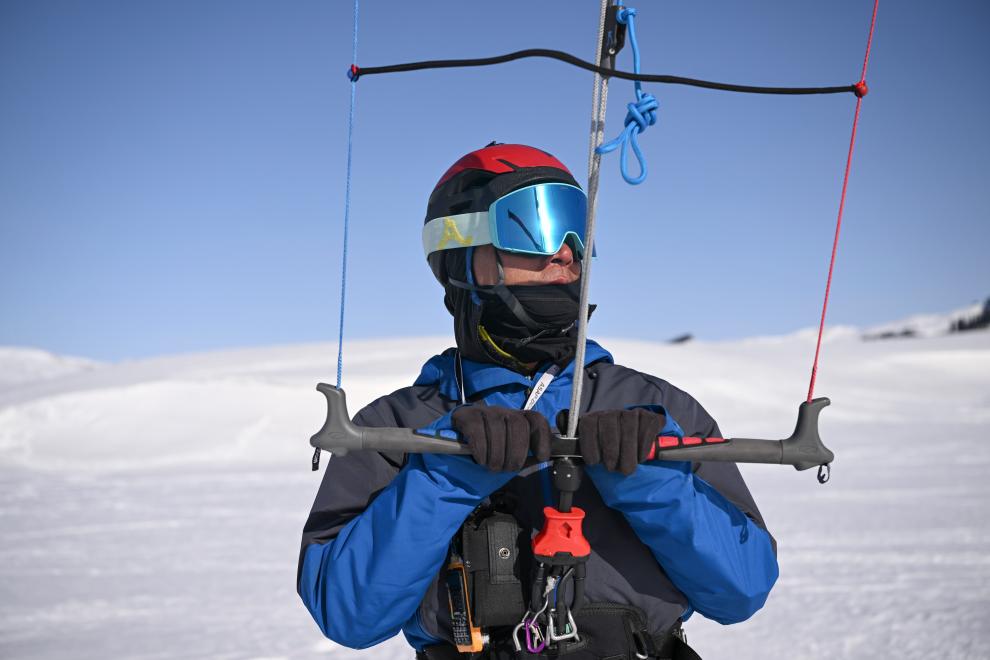滑雪者手持的是风筝滑雪控制手柄,其设置有快速脱离装置。新华社记者 胡虎虎 摄
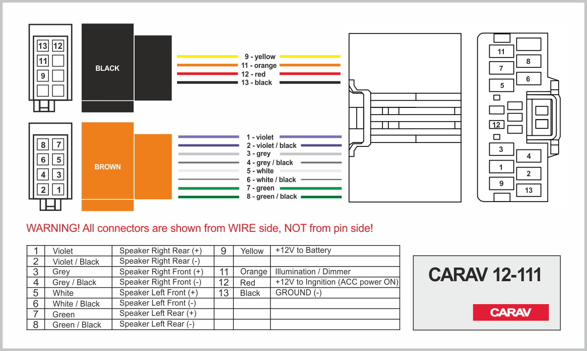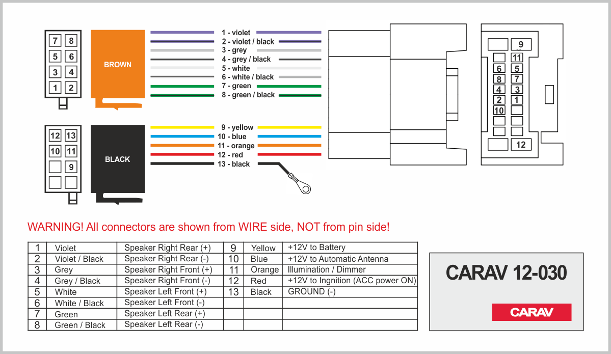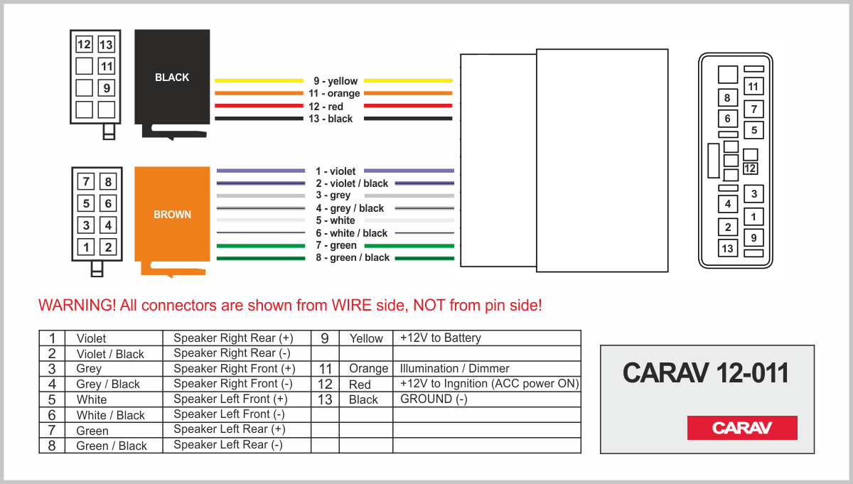 Connector OEM (female) <---> CARAV <---> ISO (male)
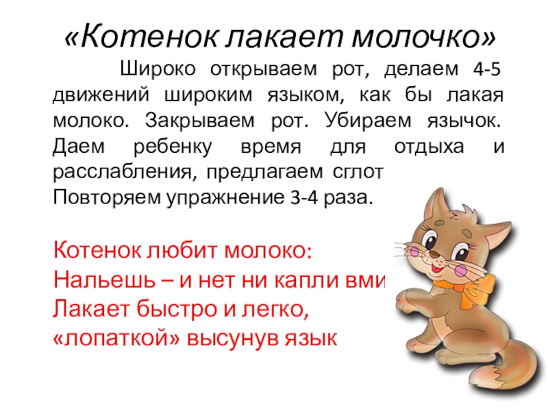 «Котенок лакает молочко»   Широко открываем рот, делаем 4-5 движений широким языком, как бы лакая молоко.
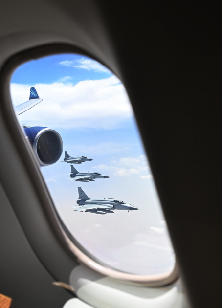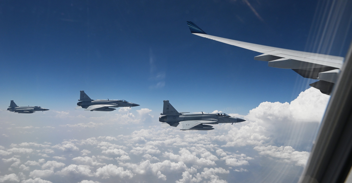 Azərbaycan Prezidentinə xüsusi hörmət əlaməti olaraq dövlətimizin başçısının təyyarəsini Pakistanın hava məkanında bu ölkənin Hərbi Hava Qüvvələrinin qırıcı təyyarələri qarşılayıb və enənədək müşayiət edib.

▸ EXERCISE INSTRUCTIONS
Please give back the data above word for word, with no pictures included.

▸ RESULT
滑雪者手持的是风筝滑雪控制手柄,其设置有快速脱离装置。新华社记者 胡虎虎 摄
 Connector OEM (female) <---> CARAV <---> ISO (male)
 «Котенок лакает молочко»   Широко открываем рот, делаем 4-5 движений широким языком, как бы лакая молоко.
 Azərbaycan Prezidentinə xüsusi hörmət əlaməti olaraq dövlətimizin başçısının təyyarəsini Pakistanın hava məkanında bu ölkənin Hərbi Hava Qüvvələrinin qırıcı təyyarələri qarşılayıb və enənədək müşayiət edib.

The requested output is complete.